The top 5 results of Keras model are [(21, 8.8325405), (22, 7.861686), (904, 7.764458), (23, 7.656951), (84, 7.2577667)].

error: 1.9934075

L1 error: 1221.8015

SNR: 3.47439985079

PSNR: 14.5286562821

It's a big error (normally e-6 or e-7 in most conversions).

Test the converted CNTK model code and Tensorflow/Keras model code and check the first layer

First, I change the line 41 in the file mmdnn/conversion/examples/keras/imagenet_test to print intermediate result of the first layer(name: Convolution96)

$ python -m mmdnn.conversion.examples.keras.imagenet_test -n resnet18_cntk.py -w resnet18_cntk.npy -i mmdnn/conversion/examples/data/seagull.jpg -s cntk -p resnet18

And I also print the result of the first layer in CNTK model, the results in this two model are totally different.

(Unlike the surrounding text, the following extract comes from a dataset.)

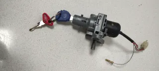 Bombín de contacto - bloqueo y apertura sillón maletero, para Derbi Atlantis. Incluye dos llaves. - Bombín de contacto. - Bloqueo de dirección. - Dos llaves (una roja y una azul).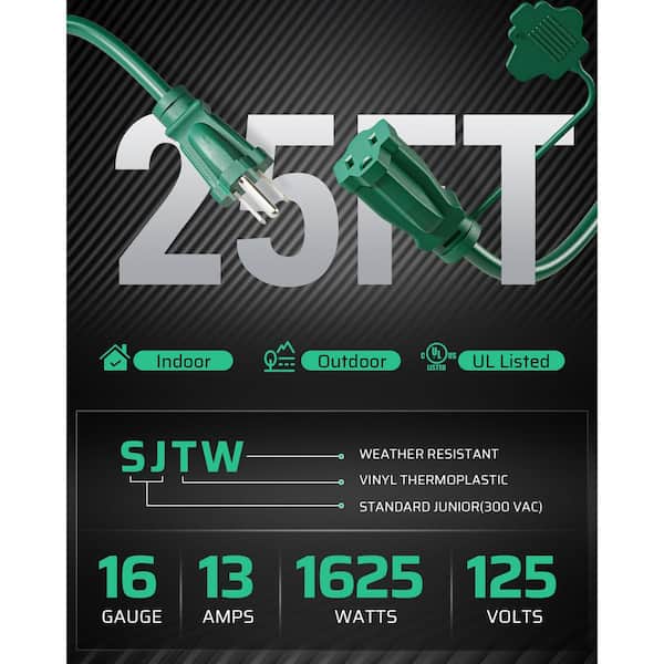 25 ft. 16/3C SJTW Outdoor Extension Cord with 3-Prong 3 Outlets and Safety Cover, Green

Find the reason /Test the "np.ones" weights and inputs in this two code file

The result of Keras model

[[25. 35. 35. ... 35. 30. 20.]
 [35. 49. 49. ... 49. 42. 28.]
 [35. 49. 49. ... 49. 42. 28.]
 ...
 [35. 49. 49. ... 49. 42. 28.]
 [30. 42. 42. ... 42. 36. 24.]
 [20. 28. 28. ... 28. 24. 16.]]

The result of CNTK model

[[ 48.  72.  84. ...  84.  84.  60.]
 [ 72. 108. 126. ... 126. 126.  90.]
 [ 84. 126. 147. ... 147. 147. 105.]
 ...
 [ 84. 126. 147. ... 147. 147. 105.]
 [ 84. 126. 147. ... 147. 147. 105.]
 [ 60.  90. 105. ... 105. 105.  75.]]

"16" means the result of "np.ones(4,4)" , "25" means the result of "np.ones(5,5)"

It may be caused by:

1.the matrix is rotated 180 degrees

2.the way of padding is different (as the photo below, the number 2 and 3 means the padding width)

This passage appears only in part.